Overall, the findings indicate that although boards are aware of how important the culture is to the success of an organisation, boards have yet to find a way to set, asses and change culture in a meaningful way.
Auditing culture
Boards and audit committees are increasingly having to examine the concept of culture and assess whether the culture in their organisation is strong or weak – supportive of their strategy and mandate or otherwise. Executive management teams are examining what aspects of culture they should change and how.
As a result, many HR and internal audit functions in both the public and private sectors are being asked to conduct a review or audit of their organisational culture. Many are not sure where they should start.
The Mazars cultural audit tool
The Mazars cultural audit – the Cultural Compass, which has been developed by a combination of auditors, behavioural scientists and human resource professionals, has been designed to support the challenging process of auditing culture.
This audit of culture starts by assisting the board or executive management team in defining their ‘target’ or desired culture. This forms a baseline for the audit and the tool is then used to determine actual culture against this base.
The Cultural Compass is based on the belief that culture is like the organisational immune system, it keeps the organisation healthy when working well. Just like an immune system it works on the basis of triggers and responses.
Cultural triggers are based on choices made by the organisation and its leaders. It includes elements such as the values, office design, recruiting processes, etc. Once a trigger is activated, it creates a specific response e.g. a company policy. Cultural triggers are the antigens of organisational culture.
Cultural responses are the specific reactions resulting from the trigger, such as a behaviour, a bias, an action or inaction. These cultural responses are not necessarily based on logic but rather on how an employee feels and thinks. Cultural responses are the antibodies of organisational culture. Responses tend to trump triggers by rendering them inaudible, explaining the weight of some aspects of a company’s culture over a long period of time.
The Cultural Compass examines culture across six dimensions as outlined in the diagram below. These dimensions encompass the most important trigger and response elements of culture. In turn, cultural triggers and responses are examined by auditing triggers and responses across 60 variables grouped under these dimensions.
Mazars Cultural Compass
The results can often be challenging with significant divergence in key dimensions or in specific areas of the organisation from the desired culture.
The benefits of conducting a cultural audit
So, what can an organisation do with the results of a cultural audit?

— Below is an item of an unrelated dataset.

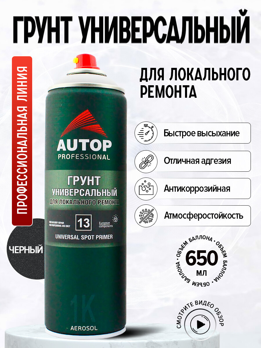 10 цен на AP013-2 Грунт Универсальный "Autop" №13 для локального ремонта, цвет Черный, аэрозольный, 650 мл "Автоп"
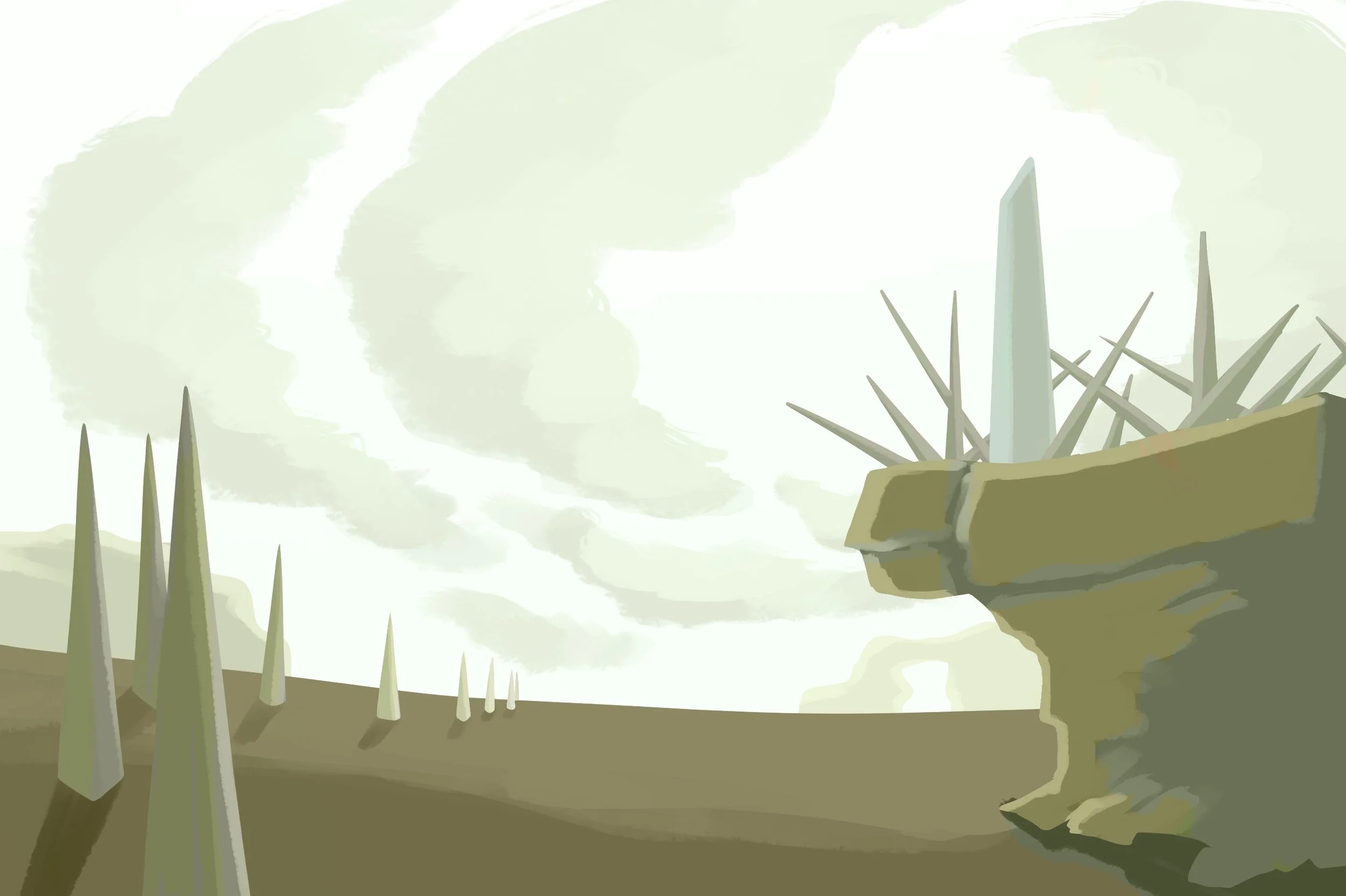 This painting was heavily inspired by the 1993 Sandia Report, which discusses how we could possibly warn future, or even alien, civilizations about the dangers of nuclear waste sites and radiation. The report brings up things like hostile architecture, written warnings, and providing information. While the warnings and information are interesting, the hostile architecture is what really drew me into this concept.

The key is to focus on a small number of specific and important cultural gaps and the behaviours that have the greatest impact on these gaps. Changing a culture purely through top down messaging, training or development programmes seldom changes people’s beliefs or behaviours. In general, cultural change will only occur when senior leaders act as role models explicitly modelling the desired behaviours and beliefs and work collaboratively to embed the desired culture in everything the organisation does.